Native plants restoration promotes both environmental and people’s health
Forest landscape near Mount Namuli, Mozambique | Roshni Lodhia/Legado
On the hills surrounding Mount Namuli grow dozens of species used in Lomwe traditional medicine. Medicine is mostly made from small plants or the bark, roots, and leaves from trees. For example, Tuthuli (pega-pega) leaves are crushed and mixed with fresh water to give pregnant women to make it easier for the baby to come out, or the stems of the Mukhonha, Mukhwi are Imbare plants are used to help relieve swelling.
However, over the past few decades, deforestation has threatened the places these medicinal plants grow.
Community members plant trees near Mount Namuli | Legado
A major driver of deforestation on Namuli is the clearing of land for farming, particularly potato and tomato farming along the river banks, some of which is motivated by the need to pay for expensive healthcare. In addition, small fires used for agriculture can turn into devastating forest fires, while the cutting of trees for logging and firewood collection leads to further ecosystem loss. Forest destruction also compromises Namuli’s water source by affecting local rivers, which also support the growth of plants used in Lomwe traditional medicine.
Last year, community members on Mount Namuli committed to fulfill their health priority by preserving traditional medicinal plants. Together, community members will protect their forests and reforesting lands where these important plants grow.
The forests of Mount Namuli | Legado
1,000 seedlings at a time
In late 2023, Daughters for Earth Foundation funded the Namuli reforestation project.

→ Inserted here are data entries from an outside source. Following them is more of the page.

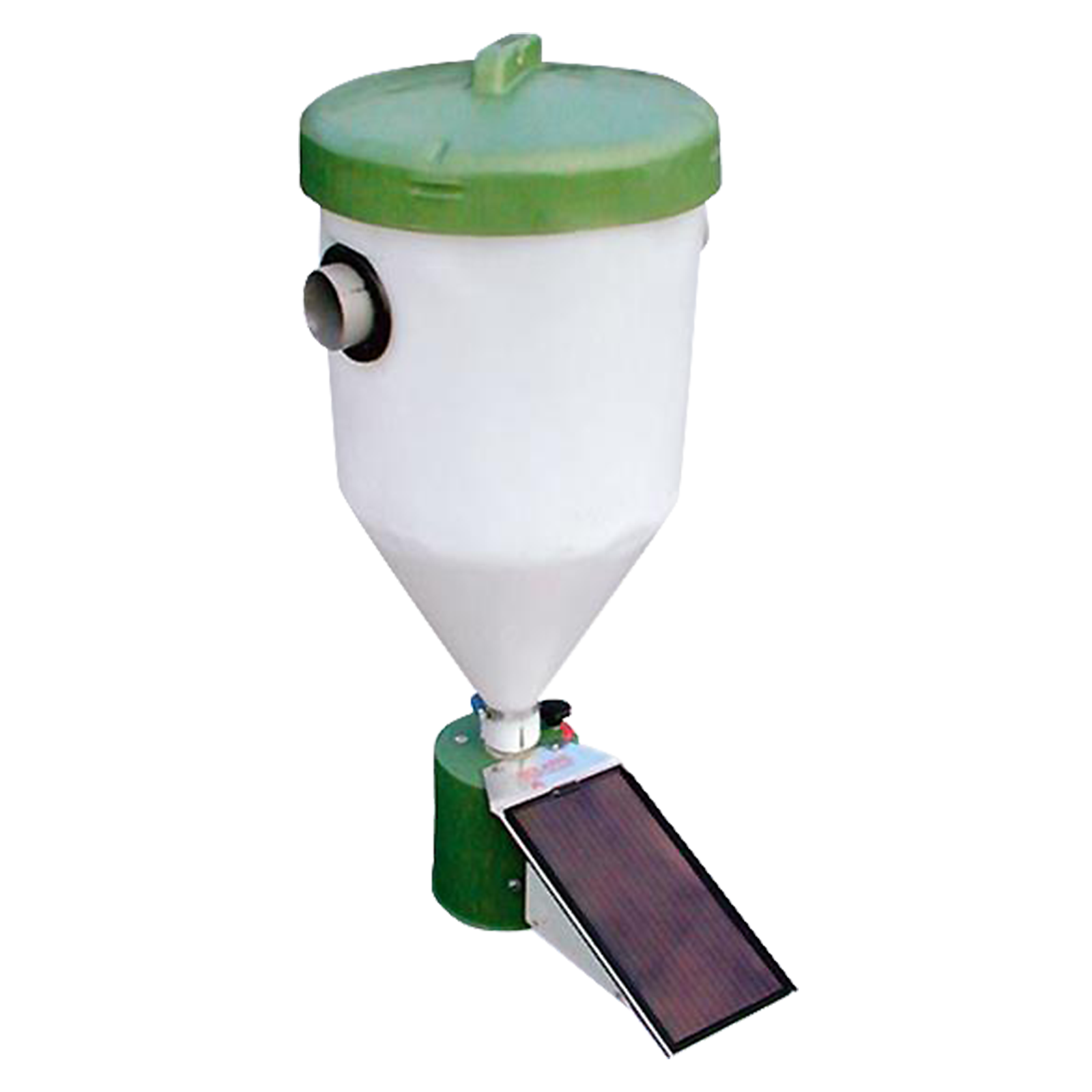 Solarbetriebener FutterautomatZuverlässige Fütterung – unabhängig vom Stromnetz!Dieser solarbetriebene Futterautomat steht seit über 25 Jahren für erstklassige Qualität und außergewöhnliche Langlebigkeit.Mit seinem leistungsfähigen Rund- und Sektorstreuer eignet er sich hervorragend für den Einsatz in der professionellen Fischzucht ebenso wie im Garten- und Hobbyteichbereich.Wo kein Stromanschluss vorhanden ist, sorgt dieser Automat für eine zeitgesteuerte, automatische Futterausgabe – und das vollkommen unabhängig vom Netzbetrieb.Die Streuweite beträgt 6–8 Meter, wodurch Flächen von ca. 36–64 m² zuverlässig mit Futter abgedeckt werden können.Lieferumfang (einsatzbereit):Solarmodul zur autarken EnergieversorgungRobuster Futterbehälter mit Deckel (Grün)Rohrdurchführung für einfache MontageVorteile auf einen Blick:Autark & umweltfreundlich: Keine externe Stromquelle notwendigVielseitig einsetzbar: Perfekt für Fischzuchtanlagen, Koiteiche oder abgelegene TeichsystemeEffiziente Verteilung: Rund- oder Sektorstreuung mit großer ReichweiteRobustes Design: Für den langfristigen Außeneinsatz konstruiert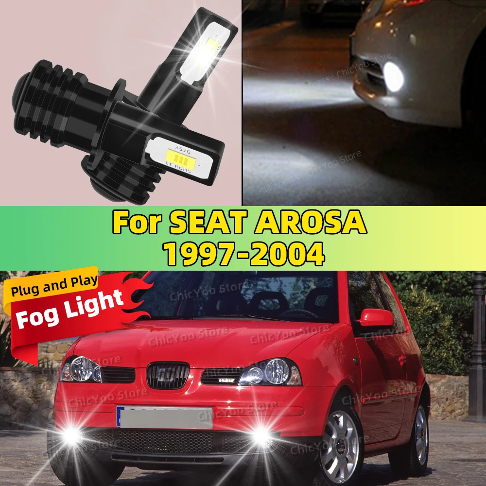 2Pcs H3 LED Bulb Fog Light 6000K White 20000LM Super Bright For SEAT AROSA 1997 1998 1999 2000 2001 2002 2003 2004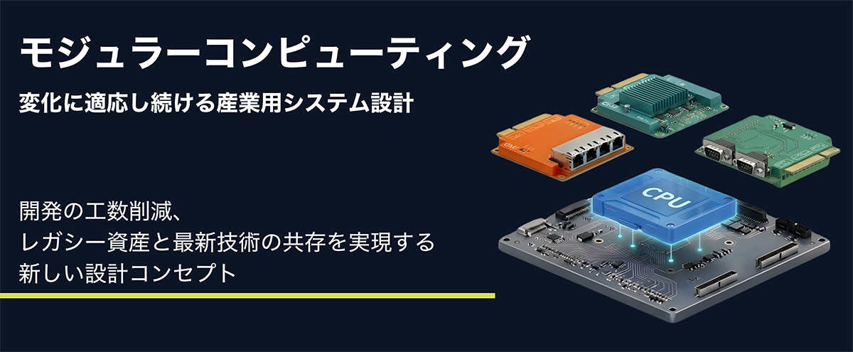 モジュラーコンピューティングは、システムを「継続する土台」と「進化する機能」に分離することで、この課題を解決します。顧客専 用基盤を長期資産として保持しながら、CPU・通信・AIモジュールで変化に対応し、装置ごとに異なるI/O要件にも柔軟に適応できます。開発工数を削減しながら、新技術とレガシー資産が共存する持続可能な産業システム構築を実現します。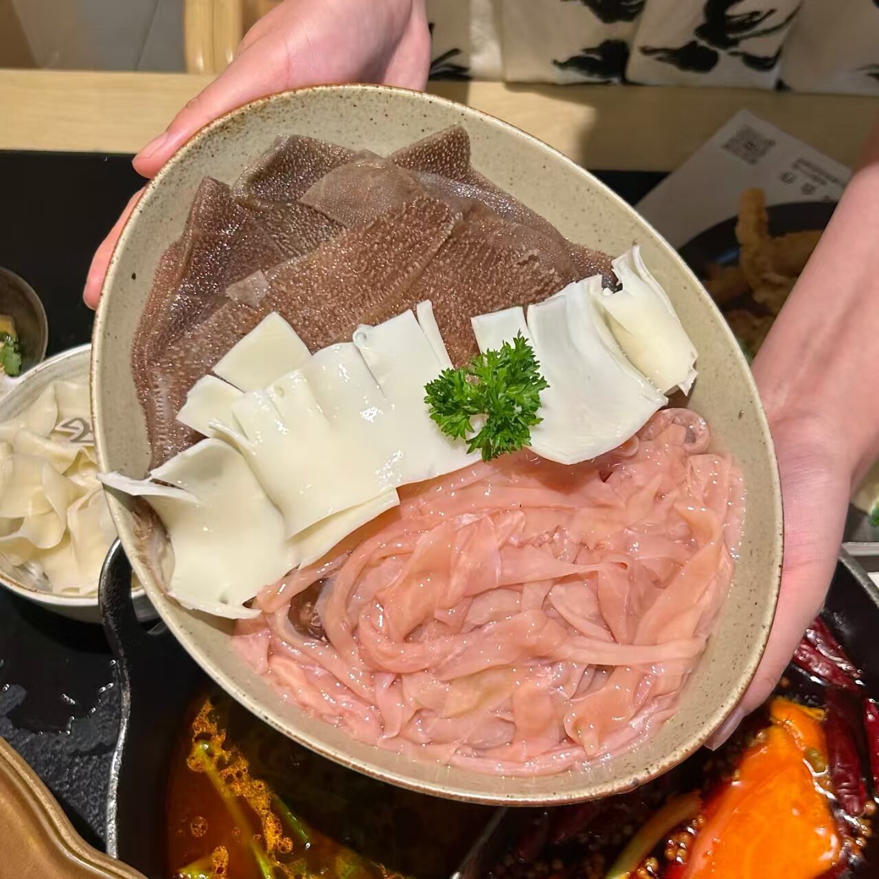 📚 网红创意火锅毛肚鸭肠黄喉专用拼盘特色餐具商用复古陶瓷元宝形碗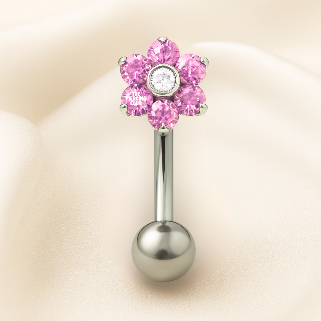 Joya flotante de flor con cristal rosado deluxe / Navel (Ombligo) piercing , titanio grado implante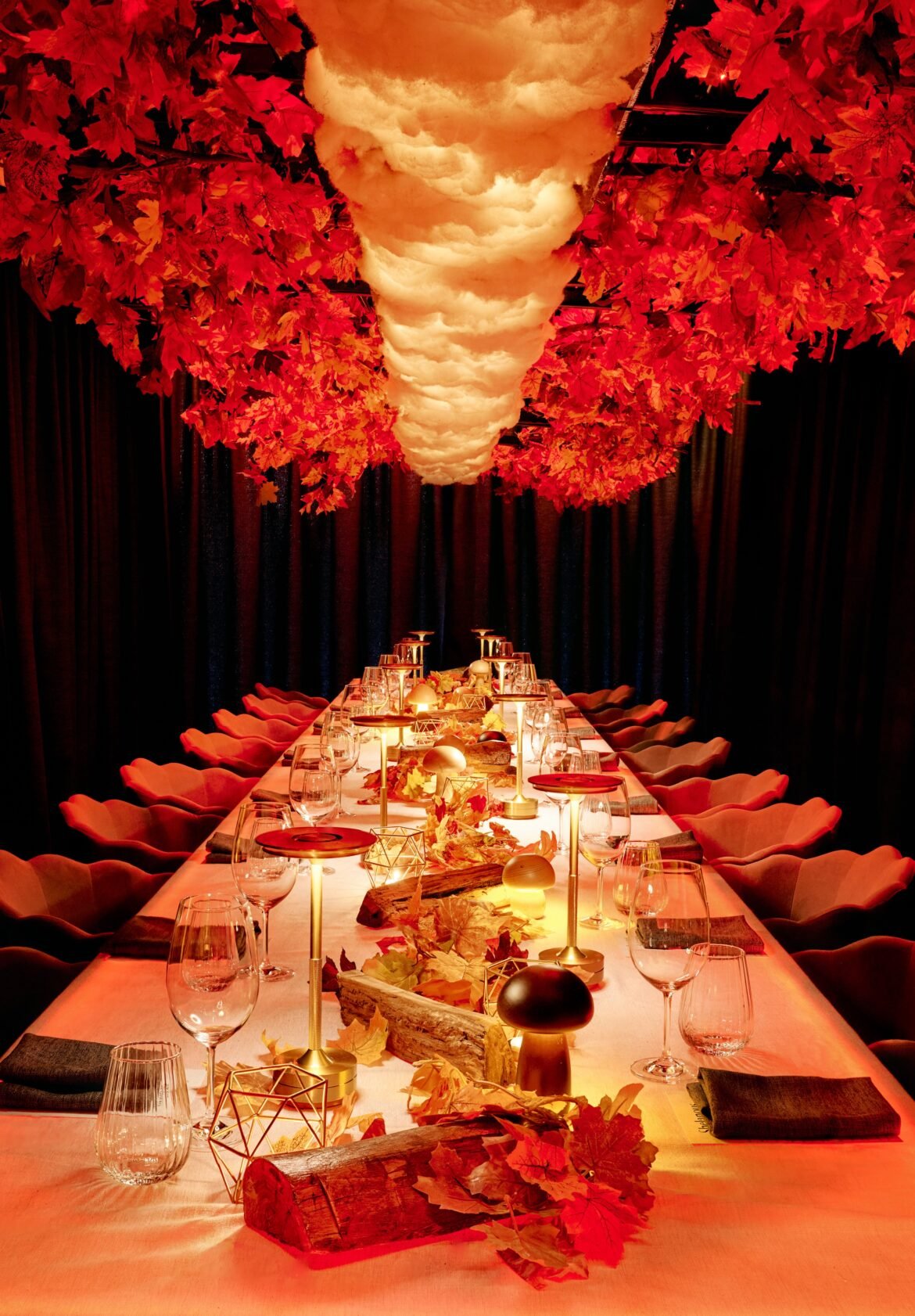 Then we enter the main dining hall. Its old-school charm meets modern day quirk. A grand band piano, a glistening chandelier and sweet kitsch touches. Staff wearing cute santa hats deliver a rainbow of fresh seafood, and most notably, the highlight- a parade of sea urchin – the edible part known as ‘uni’..Masses of smoky nitrogen erupt in front of our eyes, as courses of uni continue to arrive. Fried rice uni, with ui soy sauce, DIY roll your own sushi with uni, edible pearls and sea urchin mist.

With funding in place, the Legado: Namuli team and our partner Namuli Wiwanana began to engage the community and recruit community volunteers from all villages to work with the local nurseries, the community leaders and other key community members such as traditional healers to jump start this work.
Together, the community is reflecting on the reasons for deforestation, building a map of degraded areas, and identifying the best places to plant new seedlings.
Next, the team is interviewing 15 local traditional doctors, leaders, traditional midwives, and nurserymen and women to learn more about what plants are the most important to protect, and where they are found.
“If only we could teach children all about the value of these plants and why they are disappearing! My children know that when they have a stomach ache they can look for some plants that I have taught them to use, like Insaua; in this case they can dip this plant in water and drink it to cure the pain.”
The goal is to grow and replant 1,000 native plant seedlings in ideal locations during the rainy season (late November), which local nursery workers and volunteers will tend to over the year as they prepare for another planting cycle. This work has built on a previous effort to catalog local plants.
We see this work becoming an annual cycle of reforestation that promotes the overall well-being of the Mount Namuli communities—led by the community itself.